Néanmoins, les chiffres montrés ici confirment que la France dispose d’un modèle de police agressif, davantage que dans les autres pays d’Europe, comme nous l’avons expliqué précédemment dans nos colonnes.
Parmi les pays développés, c’est aux Etats-Unis que la police fait le plus de victimes dans sa population. Près de 1100 morts recensés en 2022, soit un taux de décès causé par les forces de l’ordre (33 décès pour 10 millions d’habitants) six fois supérieur à celui de la France (5,5). Selon un décompte du Washington Post, réalisé depuis 2015, les tirs des forces de l’ordre font chaque année un millier de morts en Amérique, un chiffre stable, malgré les efforts pour enrayer la brutalité policière.
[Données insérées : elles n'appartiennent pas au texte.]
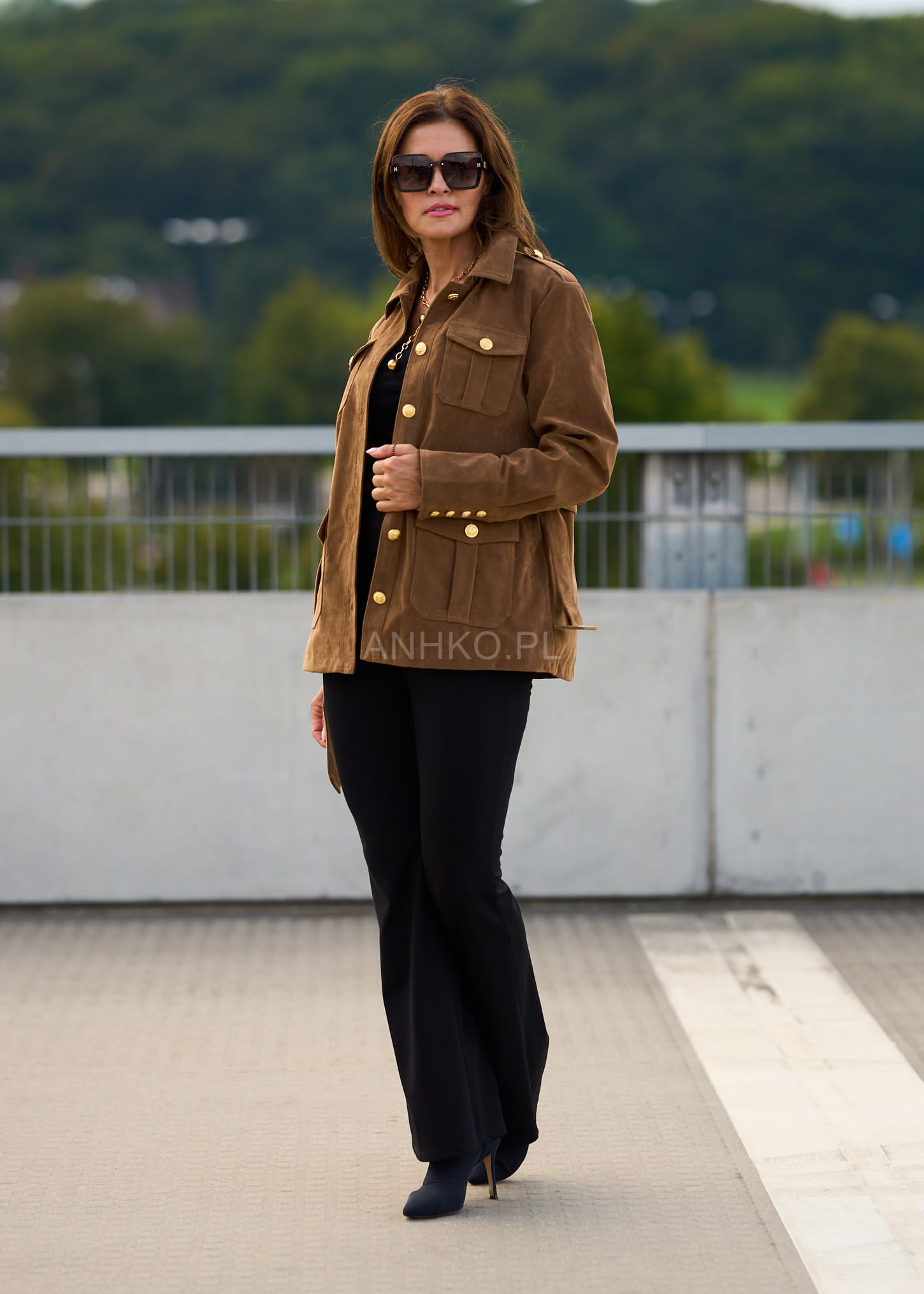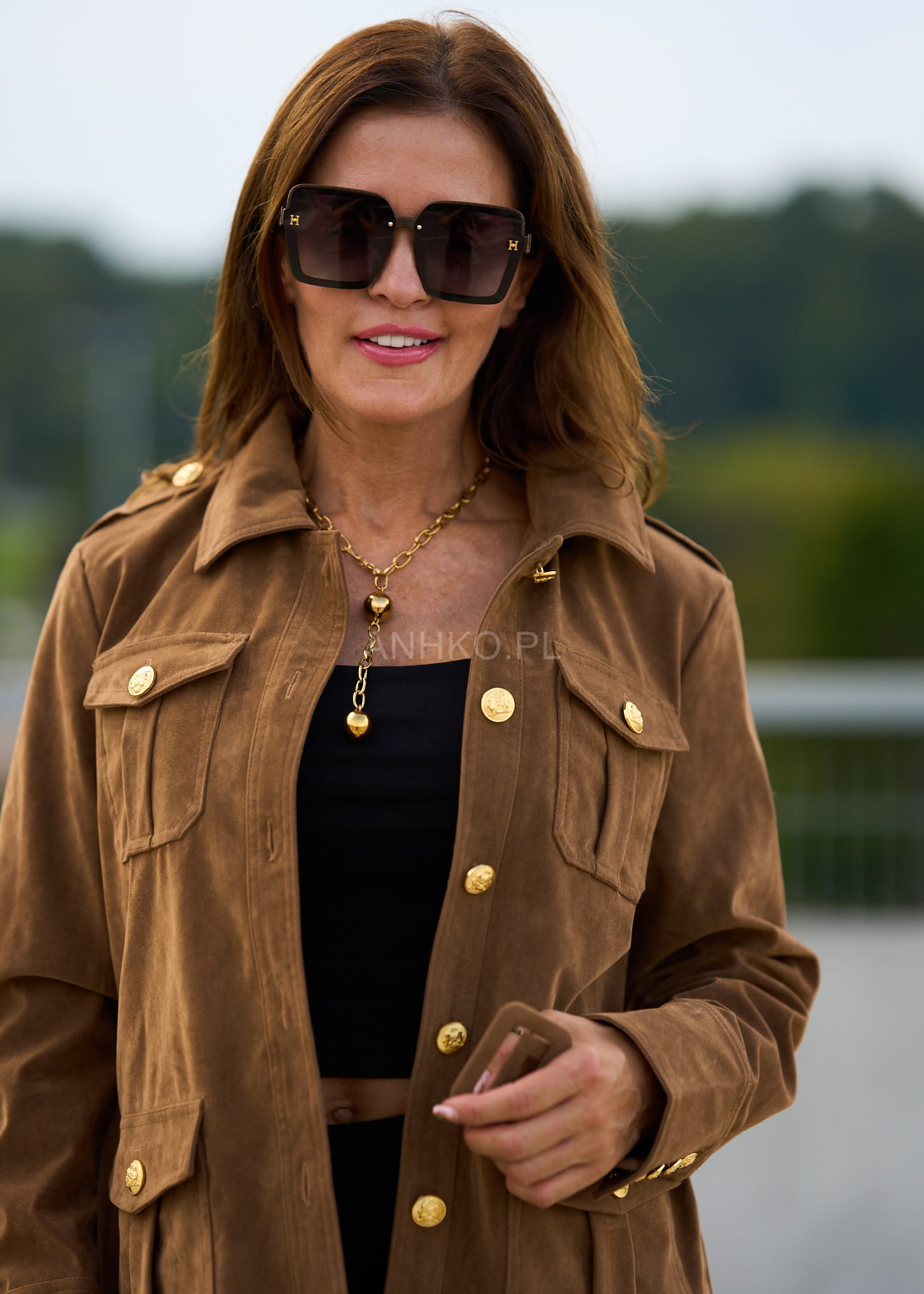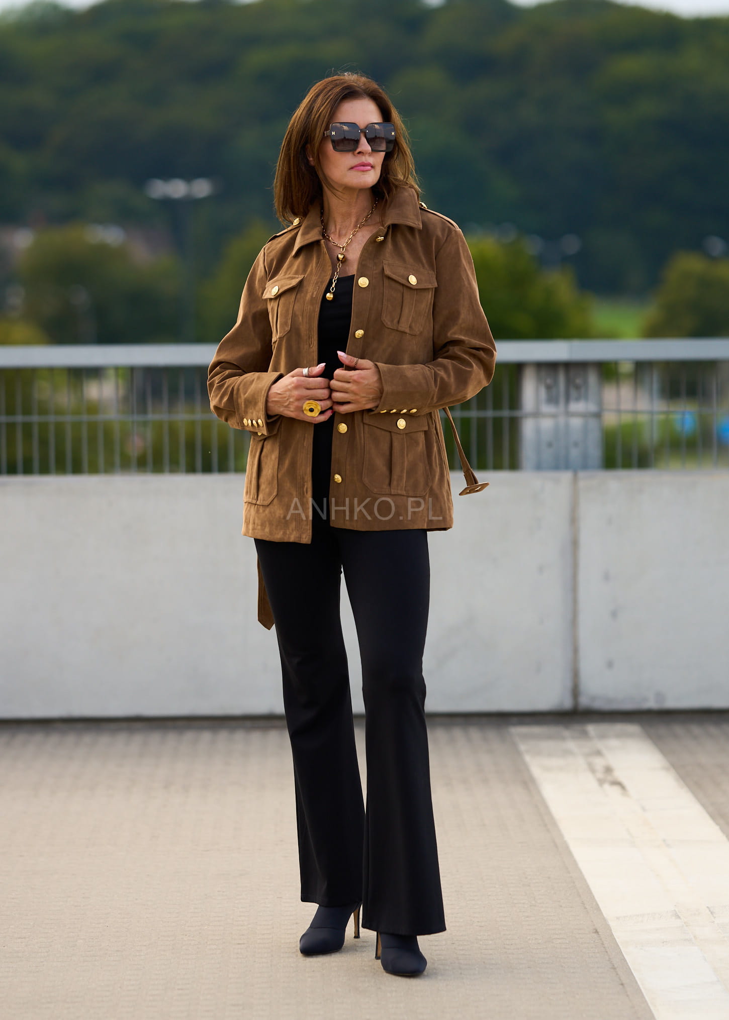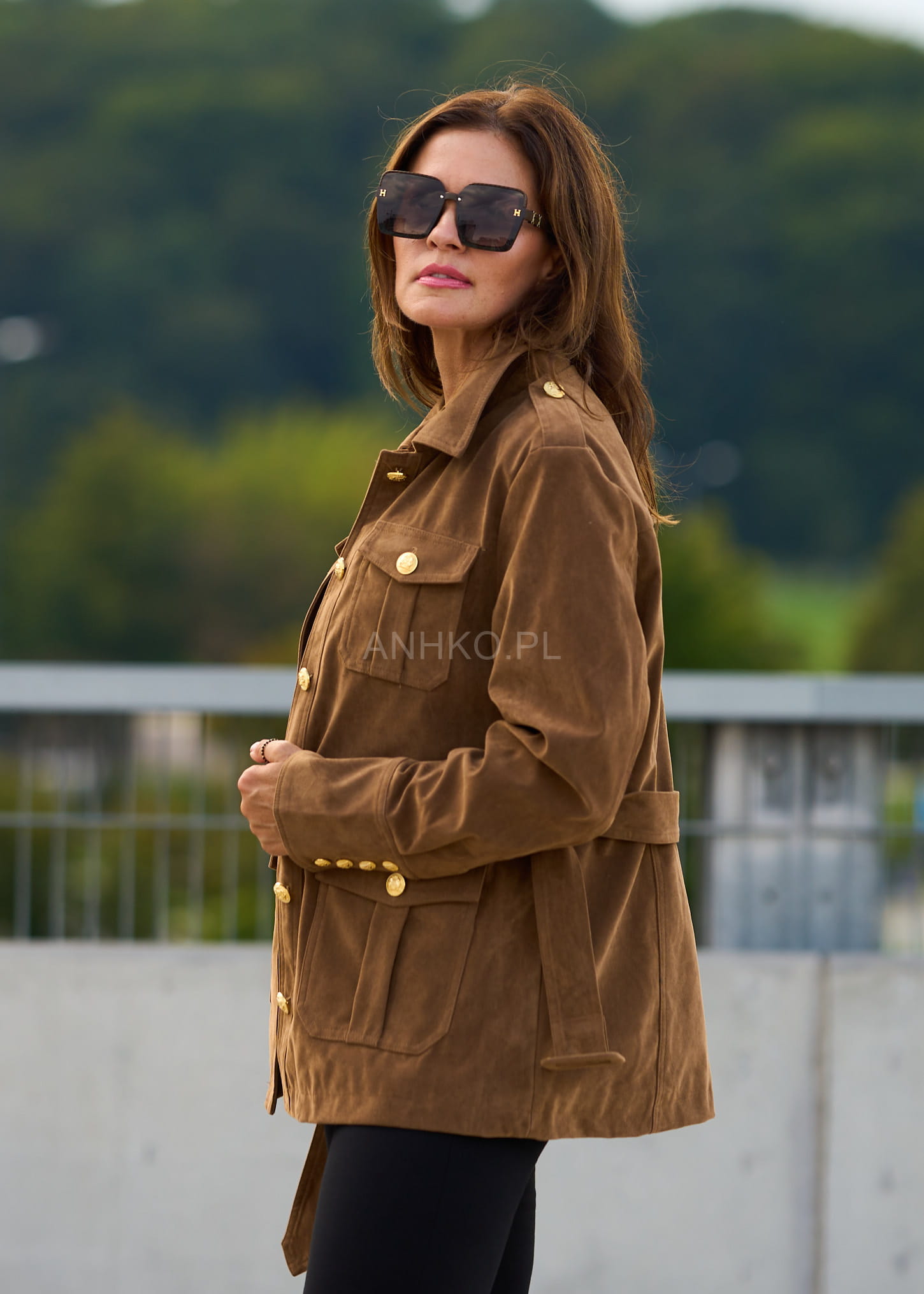 To wyjątkowa kurtka damska, która łączy w sobie ponadczasową elegancję i modny, militarny charakter. Jej wyróżniającym elementem są złote guziki z tłoczeniem, które nadają całości luksusowego akcentu. Uszyta z połączenia poliestru, wiskozy i PVC, prezentuje się jak naturalny zamsz, jednocześnie będąc łatwą w pielęgnacji. Cztery praktyczne kieszenie oraz pasek w talii podkreślają funkcjonalność i kobiecą sylwetkę. To doskonały wybór na jesienne dni, spotkania biznesowe, spacery po mieście czy eleganckie wyjścia. Dzięki uniwersalnemu kolorowi camel łatwo zestawisz ją zarówno z jeansami i botkami, jak i bardziej klasycznymi elementami garderoby.\

Le pays de l’Oncle Sam se distingue également par son taux d’homicides volontaires. Il est le plus élevé parmi les pays «riches», 6,8 pour 10 000 habitants, soit 6 fois plus qu’en France ou 14 fois plus qu’en Suisse.
Conséquence de la violence ou des lois?
Pourquoi certains policiers sont-ils si enclins à recourir à la force létale? En partie, parce qu’ils craignent pour leur propre vie ou celle de la population. En général, plus un pays est meurtrier, plus ses forces de l’ordre sont mortelles, comme le montre notre graphique.
Mais la brutalité policière n’est pas qu’une conséquence de la violence gangrenant un pays, elle est souvent causée par une combinaison de facteurs, notamment des lois inadéquates, des discriminations, l’insécurité ou les conflits, ainsi qu’une impunité institutionnalisée.
De manière générale, c’est dans les nations tolérant les exécutions extrajudiciaires que la police tue le plus. Dans ces pays, les forces de l’ordre bénéficient d’une relative impunité. C’est le cas dans de nombreux Etats d’Amérique latine (Venezuela, Le Salvador, Nicaragua, Colombie, Brésil, Mexique), où les autorités ont régulièrement recours à des exécutions sans procès, pour réprimer la criminalité ou se débarrasser des dissidents.
Autre exemple hors Amériques, les Philippines. Son ex-président Rodrigo Duterte de 2016 à 2022 a instauré le meurtre à grande échelle dans le cadre de la «guerre contre la drogue». Cette guerre a fait plus de 6000 morts parmi les civils, enfants compris. Un des slogans du président sortant était «shoot to kill», soit «tirer pour tuer». Ordre qu’il a réitéré aux forces de l’ordre lors des protestations contre les quarantaines durant la pandémie de Covid-19.
Si la France n’a pas instauré les exécutions extrajudiciaires sur son territoire, elle a assoupli en 2017 les conditions d’emploi des armes à feu par les forces de l’ordre, donnant la possibilité de tirer même hors de la légitime défense. On constate ainsi que le nombre des tués par la police française a doublé depuis 2020 par rapport aux années 2010.